You get why director and co-writer Noah Hawley did it. The true story that “Lucy in the Sky” jumps off from is lowdown, common — almost sordid. And tragically funny.
This is a highly-fictionalized version of the love triangle with the astronaut who flipped out and went on a cross-country dash to commit a kidnapping — wearing adult diapers to save time. The overreach here is trying to explain how “touching the void” plays on the mind of those recruited for job. The real story is a lot harder to see in a woman-experiences-the-limitless-cosmos-first-hand-and-snaps terms.
Hawley wanted to make a movie with Oscar winners, with Natalie Portman — who won every honor under the sun as a warped ballerina in “Black Swan” — competing with rising star Zazie Beetz (“Joker”) for the attentions of “a divorced action figure who likes to go fast” astronaut (Jon Hamm), and also competing for spots in the spaceflight rotation because Lucy (Portman) has spacewalked and “changed.”
He wanted the overwhelmed astronaut’s name to be “Lucy,” so it could be a play on the Beatles tune, “Lucy in the Sky with Diamonds.”
He REALLY wanted to use drones for all sorts of overhead shots, mimicking the perspective of things seen from “above,” in the heavens. He wanted soft focus scenes capturing Lucy’s increasingly fragile mental state.
And he wanted to take his sweet time getting around to that epic cross-country quest, a Houston to San Diego run, rather than the real-life dash to Orlando — which is inherently funny.
Lucy Cola (Portman) is a brassy, on-task Texan, “a winner” who experiences rapture when she spacewalks on a mission to the International Space Station. “Best two weeks of mah lahff,” she drawls.
She doesn’t want platitudes from her boss, barely hears “I missed you” from her not-particularly-butch husband (Dan Stevens of “Legion,” more in wussy “Downton Abbey” guise here). She’s not concerned about the NASA shrink’s (Nick Offerman) concerns.
“I never felt so alive.”
All she wants, and as soon as possible, is to go back. The Shuttle is winding down, Orion is still down the road. She’s frantically training and lobbying, in a manic hurry for something that won’t happen overnight.
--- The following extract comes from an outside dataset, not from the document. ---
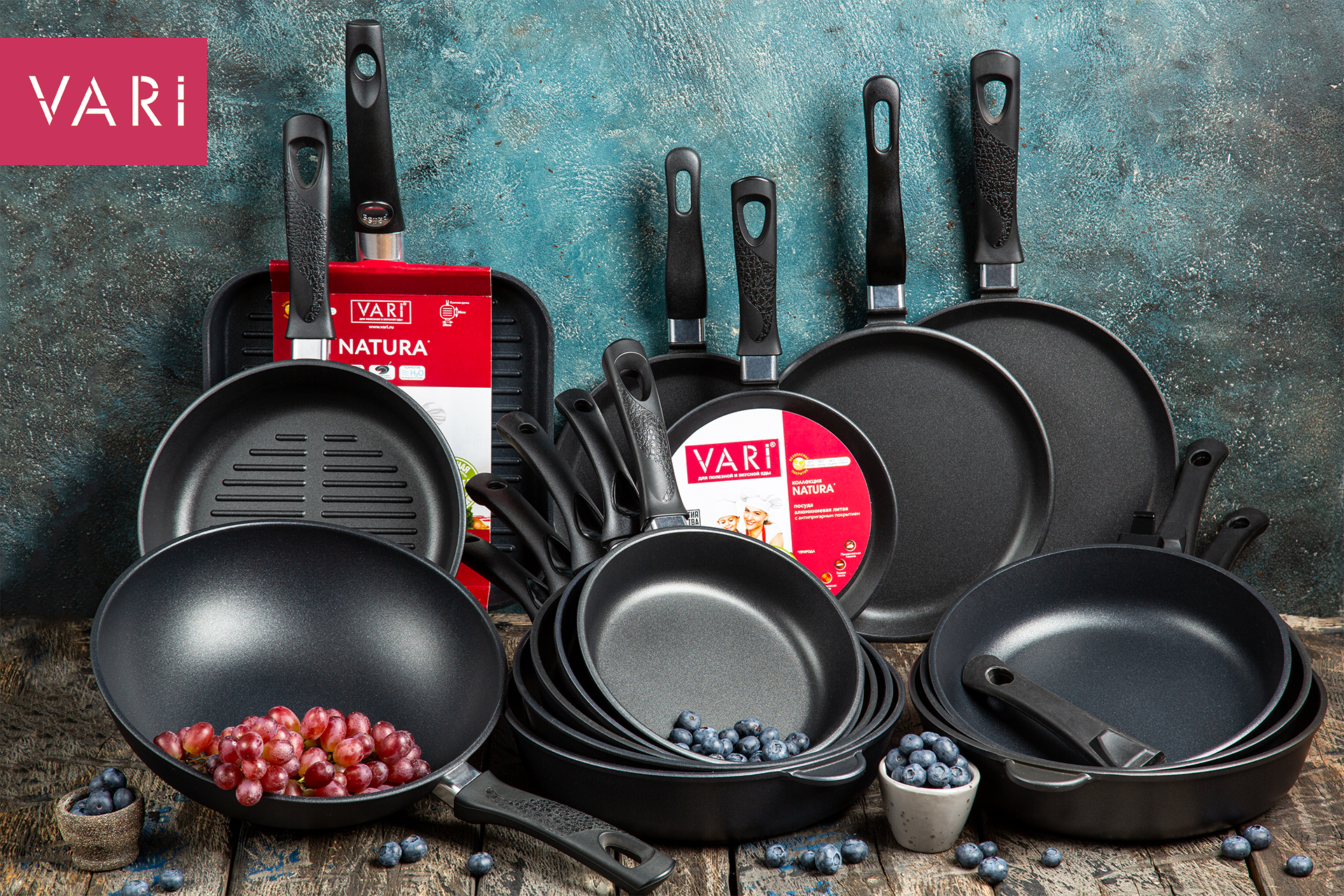Серия литой посуды НАТУРА. Доступная классика, проверенная временем! Антипригарное покрытие Xylan®. Покрытое жаростойким силиконом дно. Толщина изделия дно/стенки до 6/4,5 мм

The one guy who gets it is Astronaut Mark (Hamm), who gives her his “You’ve seen everything, the whole universe…seen the face of God” bit, welcoming her into “the circle of the rolling ball,” the exclusive club of humans who have traveled in space.
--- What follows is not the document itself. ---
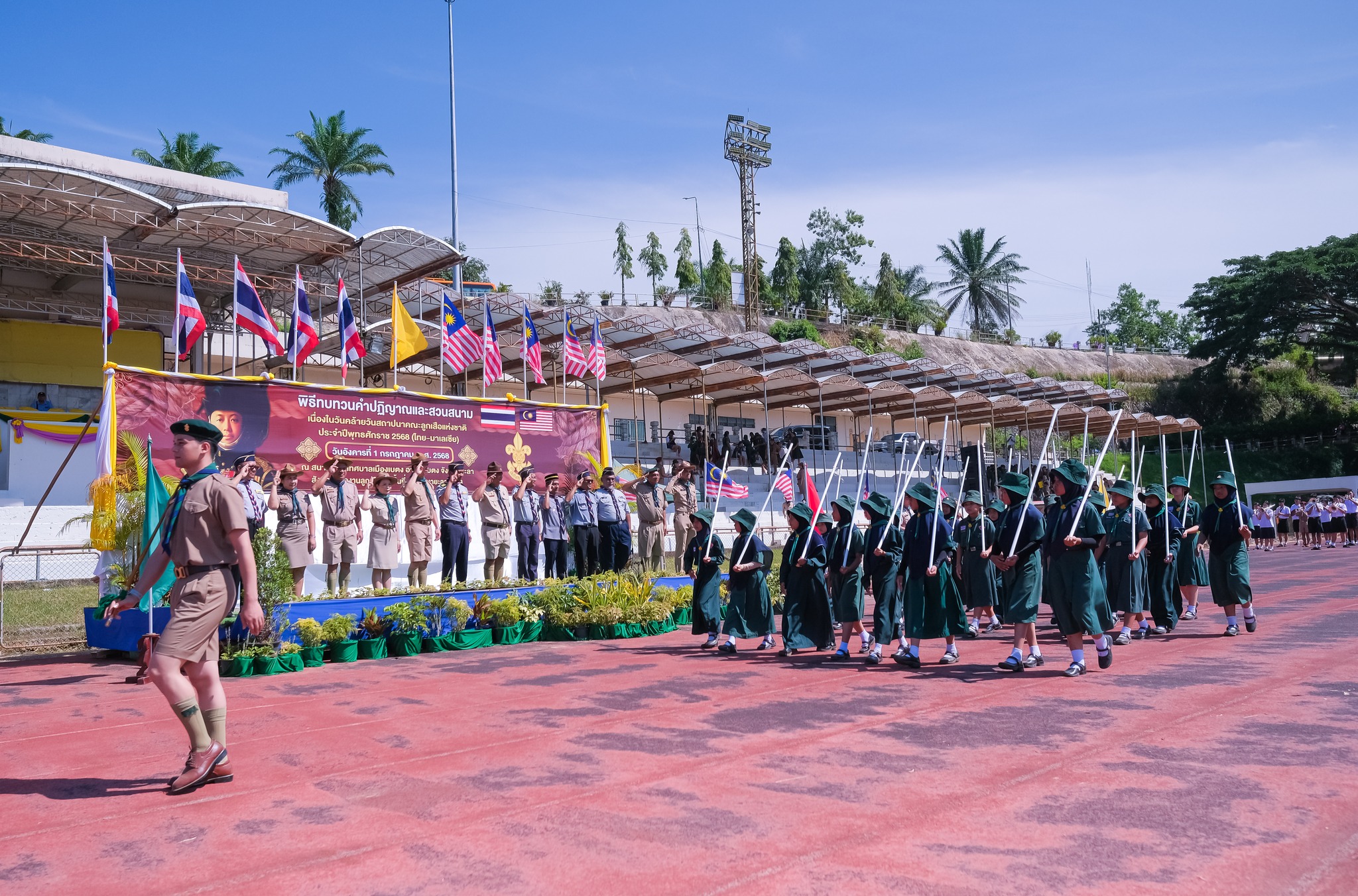 วันที่ 1 ก.ค. 2568 ที่สนามกีฬากลางเทศบาลเมืองเบตง จ.ยะลา นายสราวุธ ยอดรักษ์ ผู้อำนวยการสำนักงานลูกเสือเขตพื้นที่การศึกษายะลา เขต 3 เป็นประธานในพิธีสวนสนามและทบทวนคำปฏิญาณ เนื่องในวันคล้ายวันสถาปนาคณะลูกเสือแห่งชาติ (ไทย-มาเลเซีย) ประจำปี 2568 เพื่อน้อมรำลึกในพระมหากรุณาธิคุณพระบาทสมเด็จ พระมงกุฎเกล้าเจ้าอยู่หัว พระผู้พระราชทานกำเนิดลูกเสือไทย แสดงความจงรักภักดีต่อพระบาทสมเด็จพระเจ้าอยู่หัวประมุขของคณะลูกเสือแห่งชาติ โดยมีหัวหน้าสวนราชการ ผู้บริหารสถานศึกษา ผู้กำกับลูกเสือ และลูกเสือ เนตรนารี จากประเทศไทย มาเลเซีย จากรัฐเปรัค กับ รัฐกลันตัน เข้าร่วมพิธี

He’s hitting on her. And in her space-drunk state, she lets him.
Her hard-drinking, hard-cursing Nana (Oscar winner Ellen Burstyn) made her tough and drove her to compete. So when her spot in the flight line is threatened and her affair means more to her than the swinging “action figure,” the woman who lives for checklists, planning, rattling through spacesuit prep and mission prep lists as she jogs, tumbles into another plan, another mission.
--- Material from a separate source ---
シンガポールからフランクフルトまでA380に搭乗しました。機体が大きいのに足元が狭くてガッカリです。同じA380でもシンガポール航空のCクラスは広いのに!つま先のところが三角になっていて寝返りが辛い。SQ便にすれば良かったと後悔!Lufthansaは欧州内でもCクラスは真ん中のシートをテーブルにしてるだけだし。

Portman makes a more convincing ballerina than astronaut. Space suits make even the bulkiest of us look like sticks stuffed into a Michelin Man suit. But she’s such an interesting actress she makes you forget the petite sprite lined up with other NASA Type As.
The pairing with Hamm is similarly out of proportion. But Portman brings an intimidating intensity to Lucy that makes him shrink in her presence in the later sccenes.
“I’m Good. A-OK. All systems are GO!”
Never has “The Right Stuff” seemed so wrong.
Hawley overwhelms the movie as the story takes on clutter it doesn’t need, and that includes extraneous characters. And I could have done with a lot fewer overhead views. Lucy’s fascination with butterflies coming out of their crysalis is a metaphor that doesn’t neatly fit here.
But the funereal pacing suggests they were sure they had a movie of weight and awards season importance on their hands. On the page, the whole package probably looked that way.
Save for the TV show runner ham-handedly over-directing it all.
MPAA Rating: R for language and some sexual content.
Cast: Natalie Portman, Jon Hamm, Zazie Beetz, Dan Stevens, Tig Notaro and Elle Burstyn.
Credits: Directed by Noah Hawley, script by Elliott DiGuiseppi, Brian C. Brown and Noah Hawley. A Fox Searchlight release.